Joanna is the lowly assistant whose chief task, she is informed, will be to keep the Salinger obsessives at bay. Reporters and students will call, asking for his address: she is never to give it out. Honorary degrees will be offered. They are to be turned down. “Don’t tell them anything,” Joanna’s boss says. “Don’t answer their questions. Just get off the phone as quickly as possible.”

The one person Joanna knows won’t call is Salinger himself: and yet, one spring morning, she picks up the phone to hear someone shouting at the other end of the line. “HELLO? HELLO?” She hears “gibberish” – until the caller says, “It’s Jerry.” Yes, Salinger himself, and so begins her peculiar involvement with the Hermit of Cornish. She feels protective of him, curious about him, frightened of him; and then, when she finally reads his work – which she had never done until she arrived at the Agency – she feels, as so many have before, that it is not like reading at all “but more like having Salinger himself whisper his accounts into your ear”. She tells him she is a poet; his anodyne remarks (“You’re writing every day?”) have the air of a benediction.

 

Salinger fanatics will remember the mid-1990s as a momentous time – when the reclusive author nearly agreed to allow Orchises Press, a tiny publishing concern based in Alexandria, Virginia, to release an edition of Hapworth 16, 1924, a novella that had been published in The New Yorker in 1965. In the end, the edition never appeared: Roger Lathbury, who ran Orchises, applied (as any publisher would) for Library of Congress Cataloguing in Publication data; this information is public. News of the book broke; Salinger, being Salinger, got cold feet and pulled out of the deal. Joanna is somewhere in the middle of all this, talking to Jerry, talking to Roger, struggling with her boyfriend Don, a would-be writer with a chip the size of Texas on his shoulder.

Elegantly written, wryly observed, Rakoff’s memoir is a high-quality literary snack. And yet it is a curious book. In an author’s note she tells us she has changed the names of “most, though not all, of the people”; if you don’t work on an IBM Selectric but have access to the internet, it’s not hard to discover Rakoff’s piece for Slate, written just after Salinger died, in which she names both the Agency, Harold Ober Associates, and her boss, Phyllis Westberg. Perhaps their omission here is an artistic decision but it’s hard to understand why some names are changed and not others.

‘Don’t tell them anything,’ Joanna’s boss says. ‘Just get off the phone’

Curious, too, is the hidden heart of this memoir. “It was strange to feel the force of a famous person’s attention,” Rakoff writes of Salinger; that force, I’m guessing, pulled her away from the story she, perhaps, feared to tell.

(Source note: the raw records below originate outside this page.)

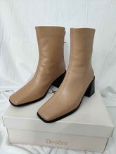 DeeZee Botki Beżowe 38 Słupek Kwadratowy Nosek Eleganckie
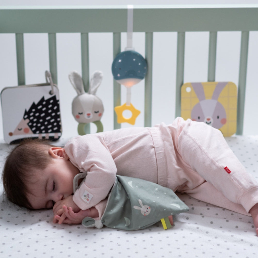En gosig filt med bitleksaker som ger en känsla av trygghet och hjälper barnet att somna. Gosfilten har också bitleksaker som kan hjälpa till att lugna tandköttet.
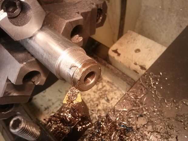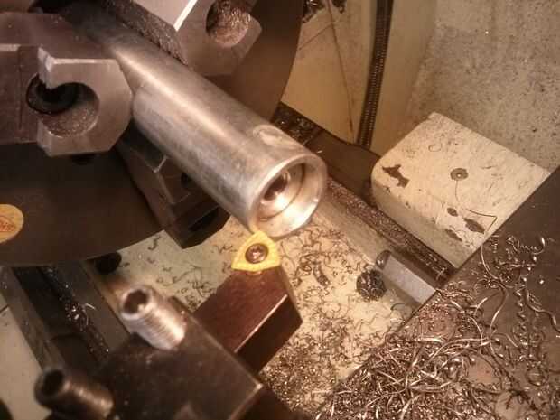 En el torno, cero su herramienta en el extremo del tubo de la horquilla.
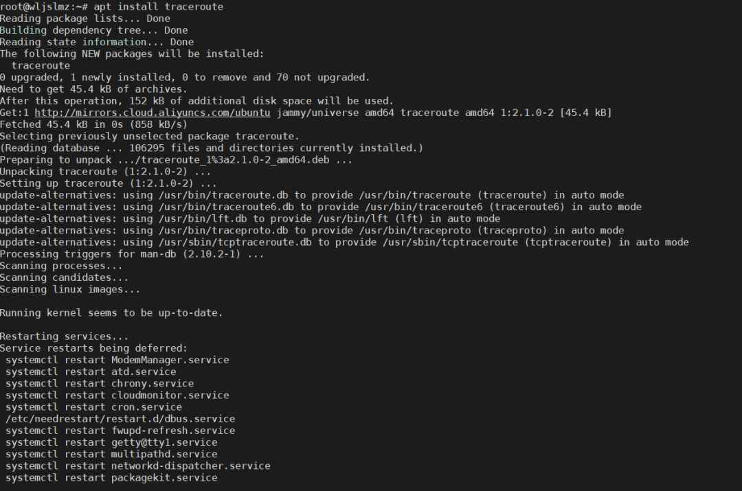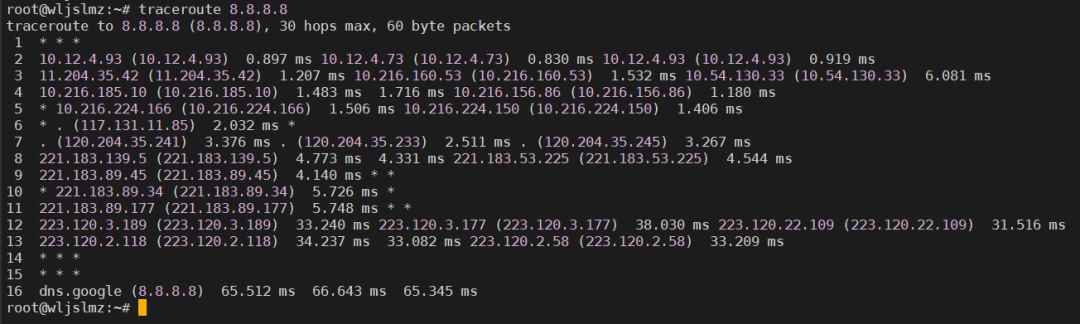 输出:每跳显示ip和延迟,* * * 表示超时。

On her second day at the Agency her beloved Dad calls, concerned she’s not earning enough money there; just why he’s concerned makes for a shocking revelation not long after. This became the story I wanted to hear; and yet it doesn’t surprise me that Rakoff felt she had to look away.

The last pages of this book skip to 2010, to Salinger’s death – Rakoff is married, with children, her Salinger year is long in the past. But her father is dying too; and when she weeps for Salinger, her husband wonders whether she’s thinking of her Dad. “With the back of my hand, I wiped the tears from my face and swiped my nose. ‘No,’ I said. ‘It’s just about Salinger.’ ” That’s a shame. Maybe someday Joanna Rakoff will write the story she needs to tell.